这是我的XML文件:
<?xml version="1.0" encoding="UTF-8" standalone="yes"?>
<dragonDatabase xmlns:xsi="http://www.w3.org/2001/XMLSchema-instance">
<dragon>
<Name>Hackatoo</Name>
<Description>This impulsive and reckless member of the Sharp Class is a master at collecting wood...so long as its axe-like snout doesn't get stuck in the tree its cutting!

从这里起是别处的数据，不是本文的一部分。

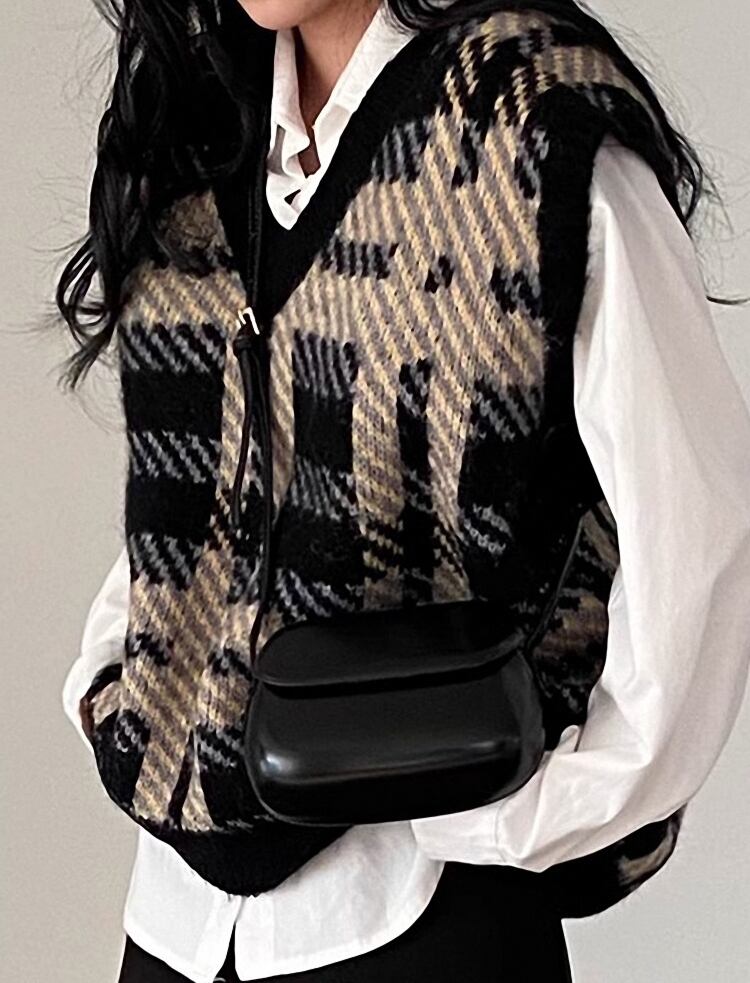 カレッジ風デザインのチェック柄ベストです。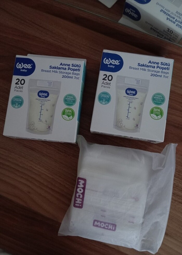 26 tane Wee Baby 16 tane Mochi marka Toplam 42 adet süt saklama poşeti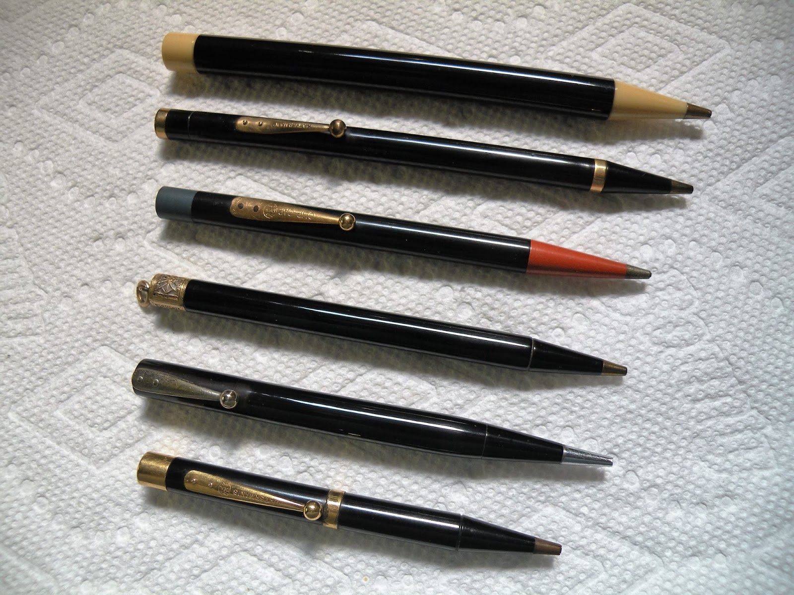 I'm showing a grouping of Onoto mechanical pencils inspired by my friend Myk from here in this Facebook group. Onoto is a British company which has recently seen a rebirth. Very nice new production fountain pens are available today. Back to Myk, his Onoto pencil is second from the right in my picture. Thanks! The pictured Onoto's were produced from the 1930's into the early 1940's. Picture includes a nice German Steno pencil (circa around 1935). It kinda snuck into the shot. The Steno is a nicely chased repeater (push activated). The Onoto's are all twist mechanisms. Onoto's were also produced in Australia. The far left pencil is so marked 'Made In Australia'.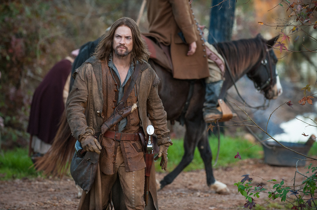 On Salem, West plays John Alden, a soldier from the first generation of Americans who comes back as a war hero who survived. “He went through a lot that we don’t quite know yet, and we didn’t explore yet, of being a prisoner of war for at least a year, and then tortured,” Shane explained to us in January at a press event for the show. “He had been this brash, heroic young person before he took off to war, when he was still with Mary Sibley and thought that they were going to be together forever. When he comes back, he’s definitely jaded. He’s more hardened,” West said.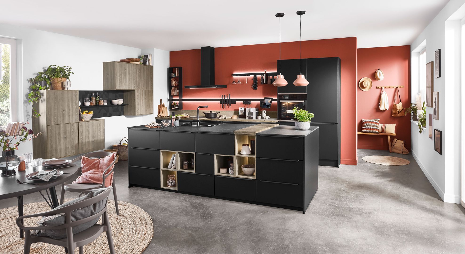 Wie sieht die Küche in den 2020-er Jahren aus? Eines ist klar: Sie ist offen für Neues. Offenes Wohnen ist so aktuell wie nie zuvor, und die einzelnen Lebensbereiche verschwimmen. In der Küche wird gearbeitet, gustiert und gekostet, auch gegessen, gechillt und verweilt. Das nicht mehr so wie vor einigen Jahren meist in klinischem Weiß, sondern in eher dunkleren Tönen. Dabei reicht der Bogen von Anthrazit über Mitternachtsblau und Tannengrün bis zu dunklen Hölzern, in die sich immer wieder ein neuer, leichter Rosé Ton mischt und für frischen Wind sorgt. Diese Farbwelt ist oft matt, in Anti-Fingerprint Optik, meist grifflos und mit vielen praktischen Details gespickt. Es gibt unzählige Varianten, um typische Küchenhelfer verschwinden zu lassen, die dann mit einem Handgriff sofort parat sind. Die Zeiten, in denen die Küche offensichtlich mit ihren technischen Hilfsmitteln geprahlt hat, sind Schnee von gestern. Alle Linien sind klar und puristisch. Die Küche beeindruckt als stylishes Designmöbel und Blickfang zugleich.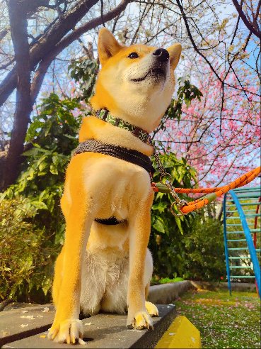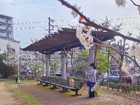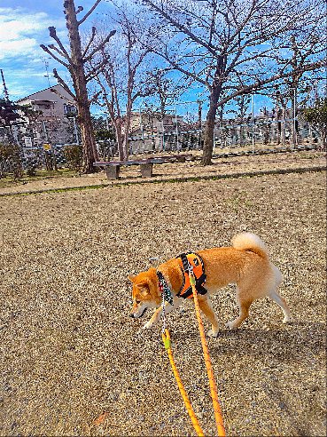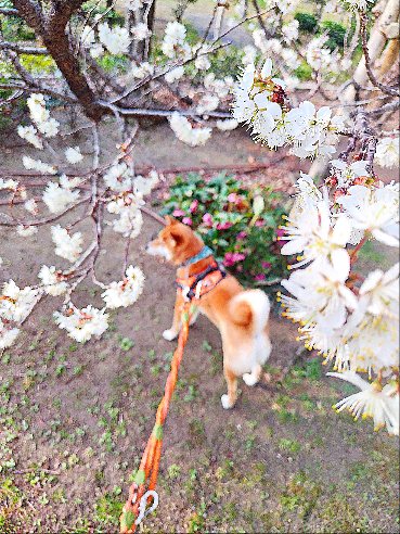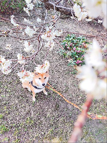 桜咲いてたら、写真写真って面倒くさいワンの柴犬まいに

Hackatoo eggs laid at a high altitude can hook on to whatever they hit.</Description>
<Class>Sharp</Class>
<Fire-Type>No Data</Fire-Type>
<Diet>No Data</Diet>
</dragon>
<dragon>
<Name>Hobblegrunt</Name>
<Description>The Hobblegrunt has a single horn and and an expandable frill surrounding its head. It has clawed wings, small arms and big legs like a Deadly Nadder. It also appears to have long neck and tail as well. The Hobblegrunt doesn't have a particular color, but instead it changes color depending on its mood.</Description>
<Class>Stoker, Boulder</Class>
<Fire-Type>Ethane Expectorant</Fire-Type>
<Diet>No Data</Diet>
</dragon>
</dragonDatabase>
这是我的DragonBean类:
public class DragonBean {
private String name;
private String description;
private String dragonClass;
private String fireType;
private String diet;
public String getName() {
return name;
}
public void setName(String name) {
this.name = name;
}
public String getDescription() {
return description;
}
public void setDescription(String description) {
this.description = description;
}
public String getDragonClass() {
return dragonClass;
}
public void setDragonClass(String dragonClass) {
this.dragonClass = dragonClass;
}
public String getFireType() {
return fireType;
}
public void setFireType(String fireType) {
this.fireType = fireType;
}
public String getDiet() {
return diet;
}
public void setDiet(String diet) {
this.diet = diet;
}
}
基本上我想在xml中获取每个龙并将其放在包含DragonBean类型的列表中。我知道我必须解析XML。但我不知道从哪里开始。将信息放入列表后,我计划使用Jackson将其转换为JSON文件。
答案 0 :(得分:0)
使用DocumentBuilderFactory和DocumentBuilder类,解析xml文件。首先获取龙的节点列表,然后逐个迭代它。在每次迭代中获取子节点,然后读取获取这些标记的文本内容并设置模型类。将工作 。希望它有所帮助!